# High school kids and not getting paid



## ibeam23 (Mar 9, 2017)

As we all know, as Uber drivers we cannot pick up anyone under the age of 18 unless they have an adult guardian. I'm getting tired of going to pick up a pax only to find out it's a high school student. If they cancel the call within five minutes we don't get paid a cancellation fee which I find very unfair. Anyone else having this problem?


----------



## FL_Dex (Nov 13, 2016)

Unaccompanied minors are a constant problem and the source of a lot of discussion on this board. You can report the account as fraudulent use and fight for a cancellation fee. 
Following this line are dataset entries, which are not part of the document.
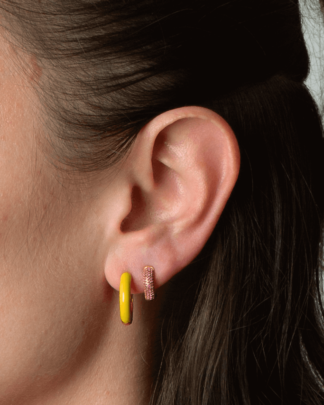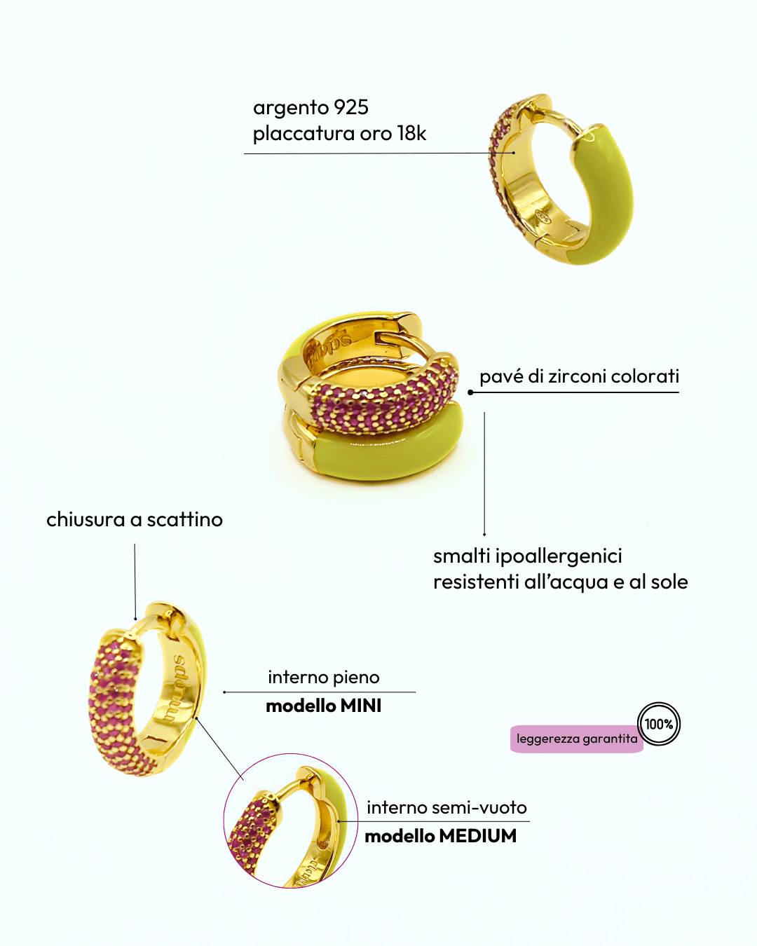 L'Hoop Gems Lemon è per chi ama i toni vivaci. Realizzati in argento 925 placcato oro 18K, questi orecchini a cerchio presentano un lato smaltato giallo lemon e l'altro arricchito con zirconi rosso rubino, creando un mix di colori intenso e audace.
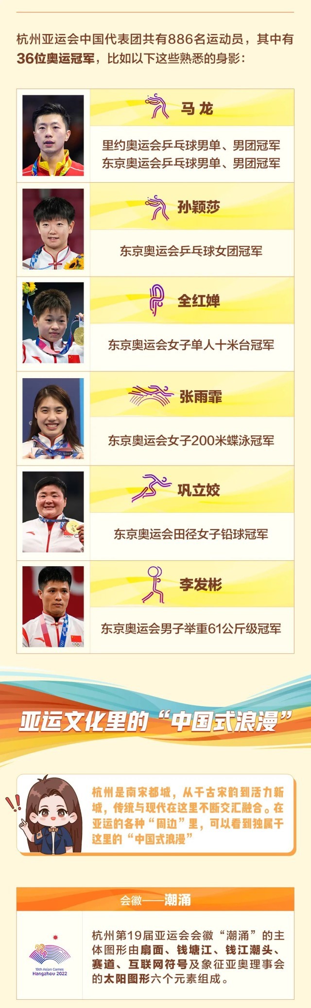 亞運(yùn)會(huì)有哪些值得關(guān)注的比賽和知名運(yùn)動(dòng)員?杭州舉辦的這屆盛會(huì)里,又藏著哪些“中國(guó)式浪漫”?想全面了解亞運(yùn),這份攻略,你絕對(duì)不能錯(cuò)過(guò)!
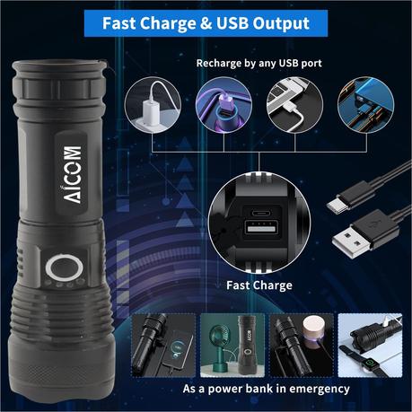 AICOM – Aluminum Alloy Rechargeable Long Last Torch with Zoom Function
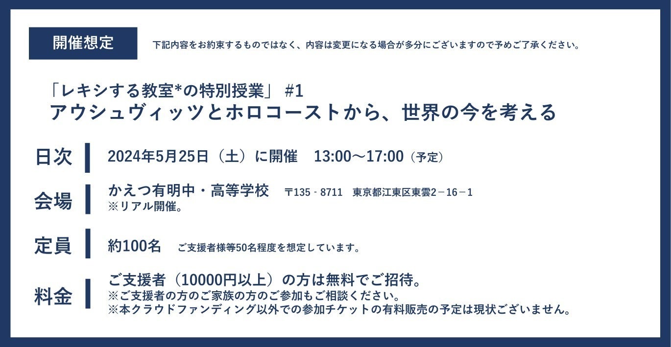 歴史をともに学び、考える場を企画するプロジェクトとして、本クラウドファンディンを皮切りにスタート。その上で「レキシする教室の特別授業#1」と位置づけして、ホロコーストの特別教室を開催します。頻繁開催は現実的ではないですが、第2回、第3回、とシリーズ化を目指します。
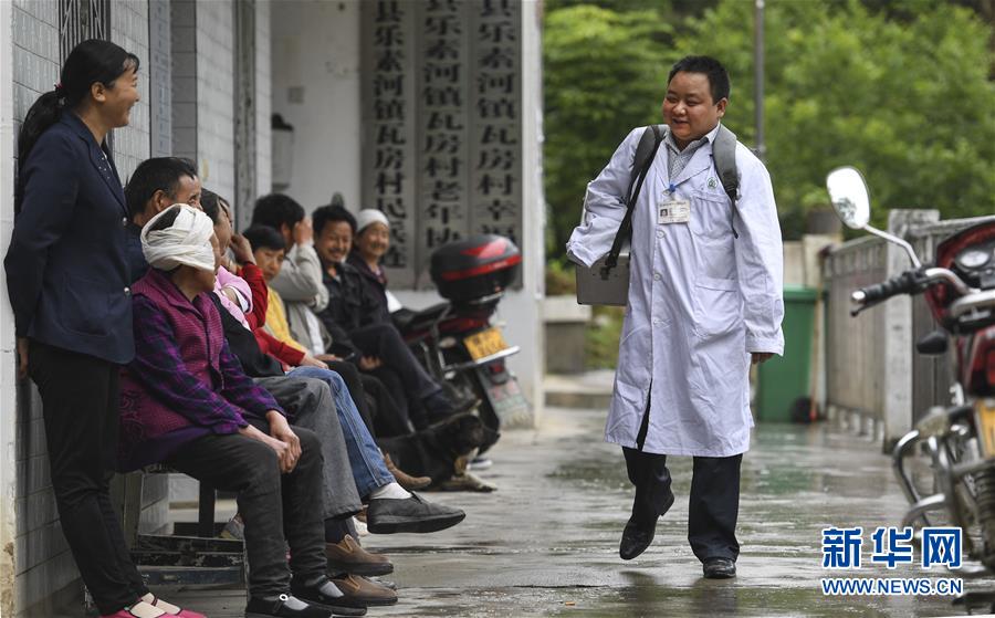 5月28日,何永清(右)一大早出門“送醫(yī)上門”后回到村衛(wèi)生室時,門口排滿了等待就診的村民。何永清是陜西省略陽縣樂素河鎮(zhèn)瓦房村衛(wèi)生室的一名村醫(yī),幼年時因車禍?zhǔn)ビ冶邸?006年7月從漢中市衛(wèi)校畢業(yè)后,他選擇回到山大溝深的秦嶺腹地故鄉(xiāng)工作。十多年來,何永清堅守在基層衛(wèi)生第一線,鄉(xiāng)親們親切地稱他為“我們的獨臂村醫(yī)”。新華社記者陶明攝
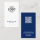Logo QR Code Minimalist White Navy Blue Custom Business Card
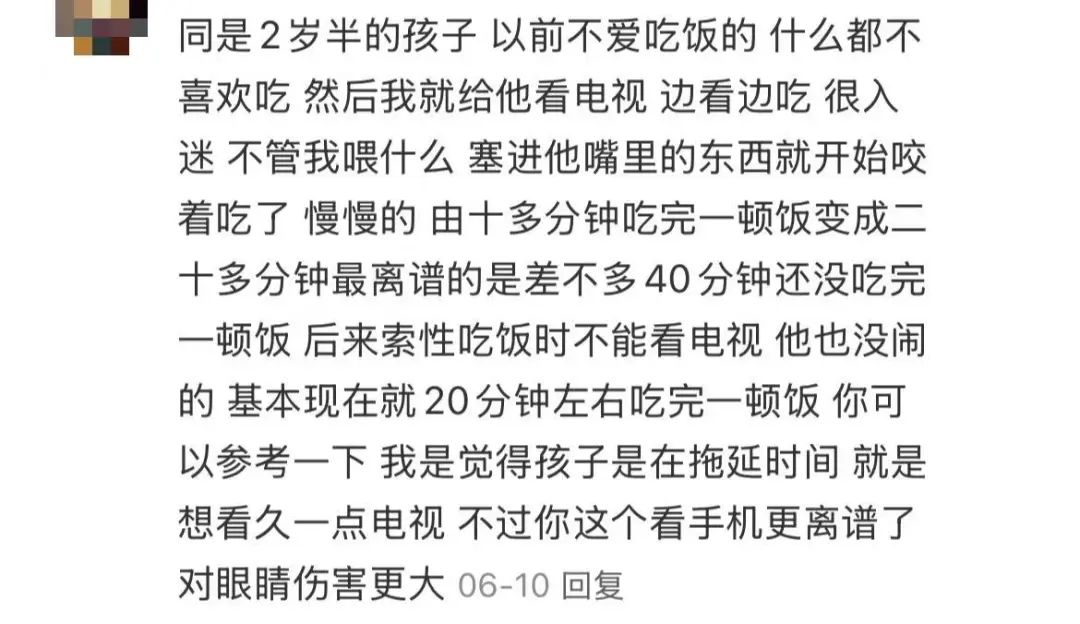 这就是孩子随着年龄的增长,发现了家长喂养方式中的“漏洞”(为了让自己好好吃饭,可以看电视,只要自己吃得足够慢就能看更长时间的电视),为了达到自己多看一会儿电视的目的而拖延吃饭时间。
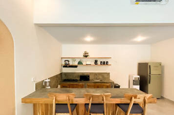 The villa is composed of 3 bedrooms, a fully equipped kitchen, and 3 bathrooms.
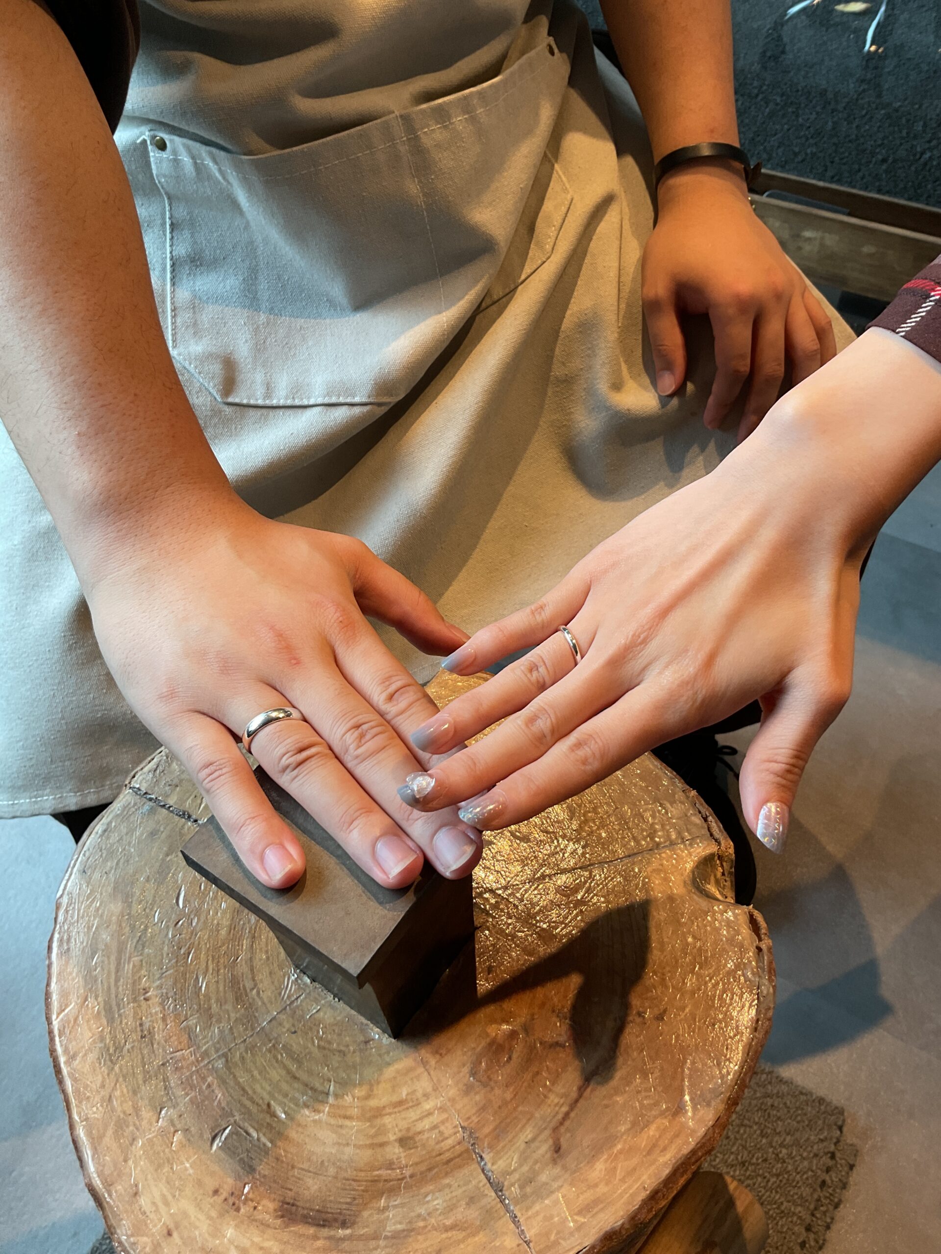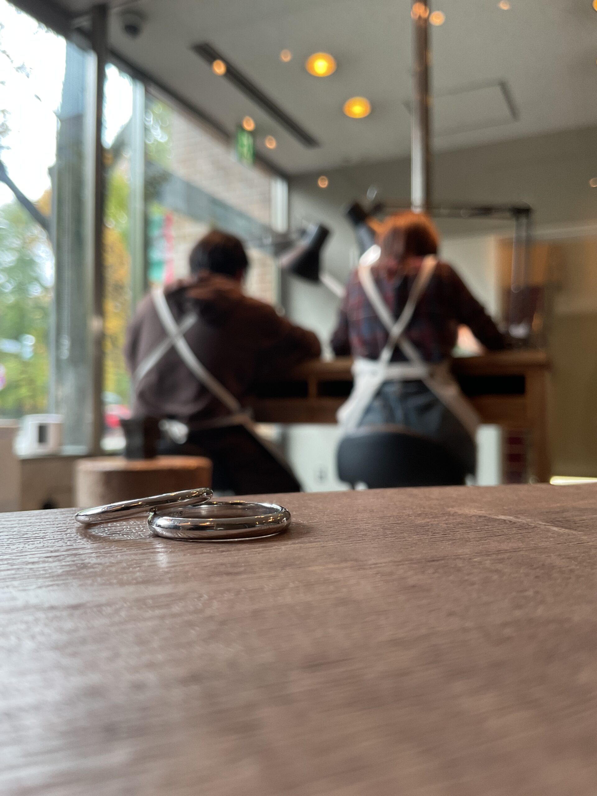 基本の形はおそろいの甲丸リングをお選びいただき、表面はピカピカになるまでたくさん磨いていただきました。

You're right not to take them. It's a stupid risk because they're not covered by Uber's insurance if there's an accident.


----------



## ibeam23 (Mar 9, 2017)

FL_Dex said:


> Unaccompanied minors are a constant problem and the source of a lot of discussion on this board. You can report the account as fraudulent use and fight for a cancellation fee.
> 
> You're right not to take them. It's a stupid risk because they're not covered by Uber's insurance if there's an accident.


I keep fighting and they keep denying. I actually emailed the Principal at the high school explaining that unaccompanied minors CANNOT use Über. It's a school in an affluent area. I always report the account as a safety issue but have no idea if Über follows through.


----------



## Pearlina (Oct 18, 2016)

ibeam23 said:


> As we all know, as Uber drivers we cannot pick up anyone under the age of 18 unless they have an adult guardian. I'm getting tired of going to pick up a pax only to find out it's a high school student. If they cancel the call within five minutes we don't get paid a cancellation fee which I find very unfair. Anyone else having this problem?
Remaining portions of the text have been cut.